# DATASET:
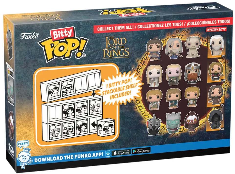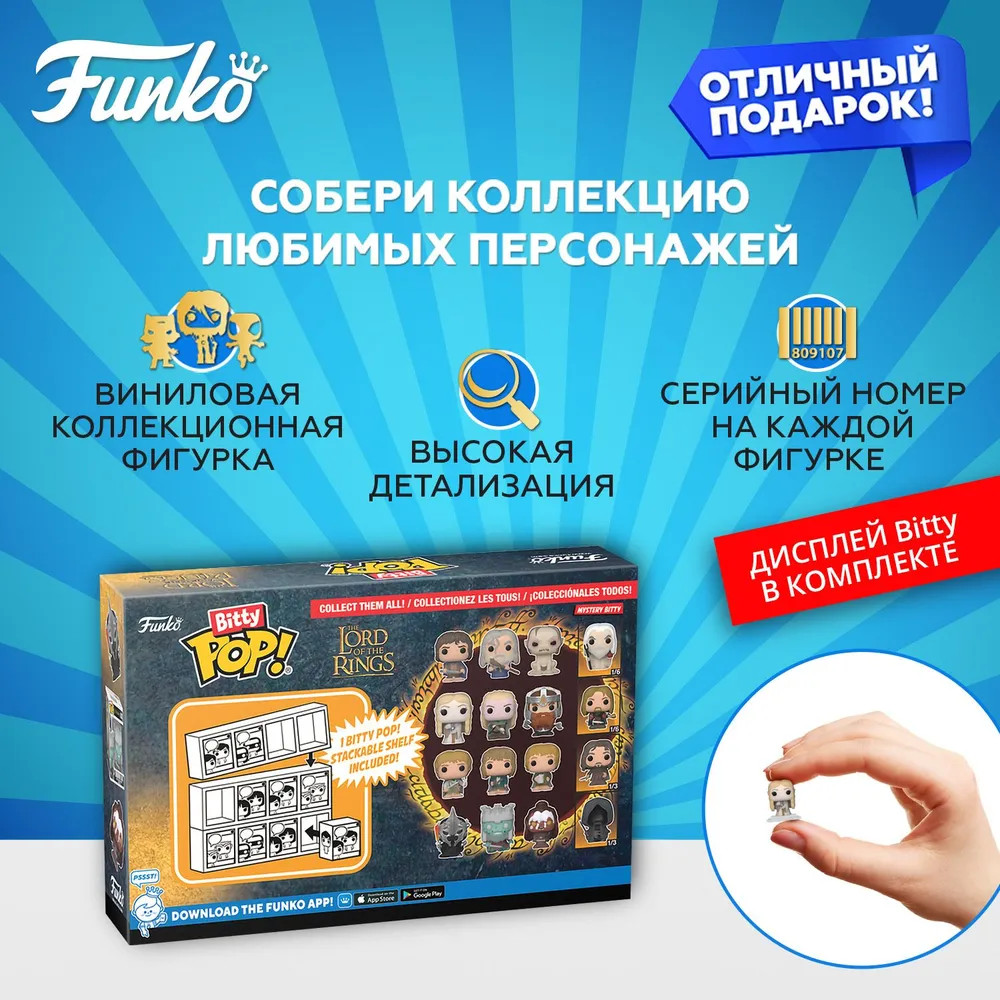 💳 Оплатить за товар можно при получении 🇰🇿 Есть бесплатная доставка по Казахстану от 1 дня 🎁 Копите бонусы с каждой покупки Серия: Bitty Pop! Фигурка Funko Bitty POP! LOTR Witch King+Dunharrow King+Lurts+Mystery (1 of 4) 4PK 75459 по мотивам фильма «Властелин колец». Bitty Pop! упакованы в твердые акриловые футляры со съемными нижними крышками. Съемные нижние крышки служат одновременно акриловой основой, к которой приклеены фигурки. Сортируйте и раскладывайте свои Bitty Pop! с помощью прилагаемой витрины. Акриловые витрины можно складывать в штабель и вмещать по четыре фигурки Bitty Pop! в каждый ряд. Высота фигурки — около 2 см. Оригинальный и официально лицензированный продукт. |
--
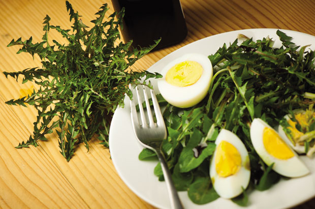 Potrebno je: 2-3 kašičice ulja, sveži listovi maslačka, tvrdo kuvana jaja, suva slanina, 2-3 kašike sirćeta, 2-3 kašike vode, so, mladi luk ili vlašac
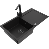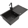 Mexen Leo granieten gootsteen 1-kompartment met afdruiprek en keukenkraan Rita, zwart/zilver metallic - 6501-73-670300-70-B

# YOUR INSTRUCTIONS:
Each line above that falls between the line with "Potrebno je: 2-3" and the line with "Mexen Leo granieten" should be printed exactly, together with those two lines, but the pictures should not.

# SOLUTION:
 Potrebno je: 2-3 kašičice ulja, sveži listovi maslačka, tvrdo kuvana jaja, suva slanina, 2-3 kašike sirćeta, 2-3 kašike vode, so, mladi luk ili vlašac
 Mexen Leo granieten gootsteen 1-kompartment met afdruiprek en keukenkraan Rita, zwart/zilver metallic - 6501-73-670300-70-B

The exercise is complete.